Memory management has numerous benefits. First, it ensures that applications have the required resources to operate. The computer allocates memory to active processes and releases memory from inactive programs, which indicates effective memory utilization.
Second, proper memory management contributes to system stability. Since the computer handles memory allocation automatically, applications will always have access to the required memory, which reduces issues, such as random crashes and shutdowns. Memory management techniques, such as garbage collection, can assist in preventing memory leaks.
Third, memory management leads to better performance optimization. By continuously releasing and allocating memory, applications always have access to resources, which means they can quickly launch and execute.
Each application has a memory footprint, which refers to the amount of memory it consumes. A high memory footprint indicates an app is using a lot of memory, while a low footprint means it has low consumption.
Although computer systems can manage memory automatically, as a developer, you still have to keep your app's memory footprint in check. Using memory-intensive functions and inefficient data structures could cause your software to run out of memory, freeze, and even crash.
In the following section, we’ll explain how to measure your app's memory consumption. Later, we’ll discuss tips for lowering your memory footprint.

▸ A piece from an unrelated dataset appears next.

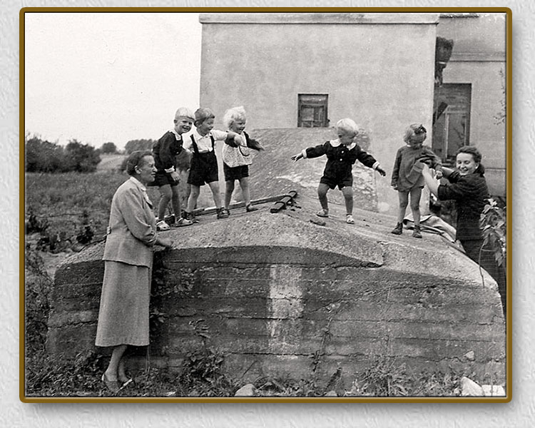 Elżbiecin, rok 1953. Od lewej: Genowefa Szwetner, Władysław-Roman Grzybowiński, Bohdan Szczęsny, Waldemar-Jacek Obrycki, Tomasz Grzybowiński, Elżbieta Szczęsna i Halina Grzybowińska.

How to measure memory usage in Python
You can use any of the following methods to measure the amount of memory your application is using.
The psutil library
psutil is a Python library for fetching useful information about system utilization and active processes. Among other uses, the psutil
library allows you to monitor memory, CPU, disk, and network usage.
To demonstrate how the psutil
library works, we will use the following Python program that checks whether an integer is a prime number.
number = int(input("Please enter a number: "))
if number == 1:
print(num, "is not a prime number")
elif number > 1:
# check for factors
for i in range(2,number):
if (number % i) == 0:
print(number,"is not a prime number")
print(i,"times",number//i,"is",number)
break
else:
print(number,"is a prime number")
# if the input number is less than or equal to 1, it is not prime
else:
print(number,"is not a prime number")
We can check the above program's memory footprint by importing the psutil
module and adding the following function in the code.
import psutil # import Python psutil module
def memory_usage():
process = psutil.Process()
usage = process.memory_info().rss
# Using memory_info() to check consumption
return usage # Returning the memory in bytes
When you include and run the above function, it will show that the program uses 25886KB
of memory.
Resource module
We can also use the resource module, specifically the getrusage()
function, to check the amount of memory a program is using. We use it as follows:
import resource
def memory_usage():
usage = resource.getrusage(resource.RUSAGE_SELF).ru_maxrss
return usage
The sys module
The sys module also has getsizeof([])
and getallocatedblocks()
methods, which allow you to check a program's memory footprint and the allocated number of memory blocks, respectively. The sys
library can provide valuable insight for debugging purposes.
Here is how you can use the sys
module in your code.
import sys
def memory_usage():
usage = sys.getsizeof([])
return usage
Third-party libraries
Apart from in-built functions, you can also utilize third-party libraries, such as memory_profiler, pympler, or objgraph, to measure an app's memory footprint.
Common causes of high memory usage
A large memory footprint can lead to undesirable consequences, including random freezes, crashes, and, ultimately, a bad user experience. We’ll cover the common causes of high memory usage in the following sections.
Memory leaks
The term memory leak refers to a situation where memory is allocated to a particular task but is not released upon completion of the process. This means that your application is not running efficiently. The amount of available memory is also reduced significantly.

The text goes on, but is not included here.